Wen Shin Lin v. Bureau of Citizenship & Immigration Services

SUMMARY ORDER

Petitioner Wen Shin Lin, a native and citizen of China, seeks review of a May 24, 2006 order of the BIA affirming the January 20, 2005 decision of Immigration Judge (“IJ”) Sandy K. Horn, denying petitioner’s application for asylum, withholding of removal, and CAT relief. In re Lin, Wen Shin, No. A 70 170 185 (B.I.A. May 24, 2006), aff'g No. A 70 170 185 (Immig. Ct. N.Y. City Jan. 20, 2005). We assume the parties’ familiarity with the underlying facts and procedural history of the case.

*65Where, as here, the BIA summarily affirms the decision of the IJ without issuing an opinion, see 8 C.F.R. § 1003.1(e)(4), we review the IJ’s decision as the final agency determination. See, e.g., Twum v. INS, 411 F.3d 54, 58 (2d Cir.2005); Yu Sheng Zhang v. U.S. Dep’t of Justice, 362 F.3d 155, 158 (2d Cir.2004). Lin did not properly exhaust any challenge to the denial of his withholding and CAT claims. Id. Thus, we cannot consider any such challenge. 8 U.S.C. § 1252(d)(1).

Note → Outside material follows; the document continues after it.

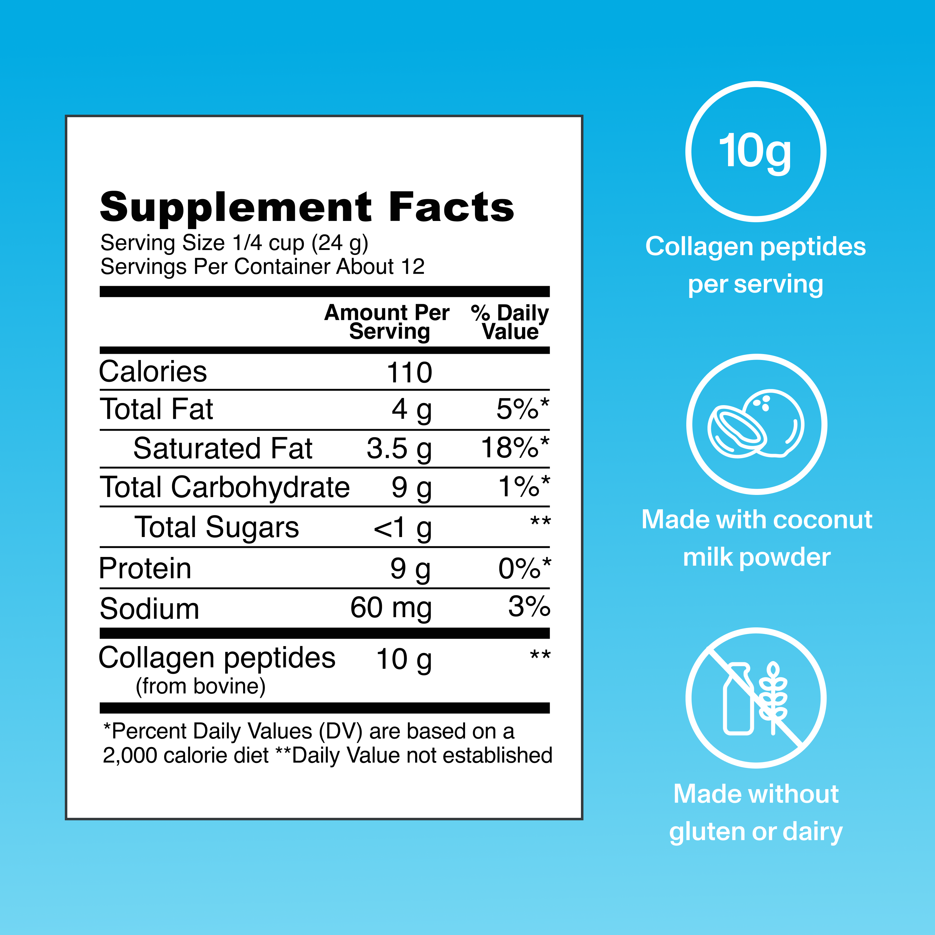 For a made-without-dairy upgrade to your morning routine, reach for Vital Proteins Collagen Creamer® in Coconut! Packed with 10g of collagen per serving and MCTs from coconut milk powder, this morning staple ensures a peppy start to any day.

Furthermore, Lin fails to argue these claims before this Court, and, thus, has waived them. See Yueqing Zhang v. Gonzales, 426 F.3d 540, 542 n. 1 (2d Cir.2005).

We review the agency’s factual findings, including adverse credibility determinations, under the substantial evidence standard, treating them as “conclusive unless any reasonable adjudicator would be compelled to conclude to the contrary.” 8 U.S.C. § 1252(b)(4)(B); see, e.g., Zhou Yun Zhang v. INS, 386 F.3d 66, 73 & n. 7 (2d Cir.2004). However, we will vacate and remand for new findings if the agency’s reasoning or its fact-finding process was sufficiently flawed. See, e.g., Cao He Lin v. U.S. Dep’t of Justice, 428 F.3d 391, 406 (2d Cir.2005); Tiam-Yong Chen v. INS, 359 F.3d 121, 129 (2d Cir.2004).

We find that substantial evidence in the record supports the IJ’s adverse credibility determination as to Lin’s family planning claim. Specifically, the IJ reasonably found inconsistencies in Lin’s testimony with respect to the circumstances of his arrest and its relationship to the removal of his wife’s intrauterine device, as well as inconsistencies in the circumstances of the birth of Lin’s second child. These inconsistencies were material to Lin’s asylum claim, and thus the IJ did not err by relying on them to find Lin’s testimony incredible. See Ramsameachire v. Ashcroft, 357 F.3d 169, 180 (2d Cir.2004). In addition, the IJ afforded Lin an opportunity to explain each of these discrepancies, and Lin failed to provide an explanation that a reasonable fact finder would be compelled to credit. Cf. Ming Shi Xue v. Board of Immigration Appeals, 439 F.3d 111, 126 (2d Cir.2006).

With respect to Lin’s religion claim, the IJ properly found that Lin did not establish a credible fear of future persecution. Lin did not sufficiently demonstrate that he would be forced to participate in underground church activities or that he would be persecuted based on such participation, and the fact that his Christian relatives in China continue to openly practice their Christianity undercuts his claim that he would be persecuted solely for being a Christian. See Hoxhallari v. Gonzales, 468 F .3d 179, 185 (2d Cir.2006) (“the burden is on [petitioner] to proffer evidence of his well-founded fear of future persecution”).

For the foregoing reasons, Lin’s petition for review is DENIED to the extent that he challenges the IJ’s denial of his application for asylum, and the petition is DISMISSED to the extent that he seeks review of the denial of his withholding of removal and CAT claims. Having completed our review, the stay of removal that the Court previously granted in this petition is VACATED.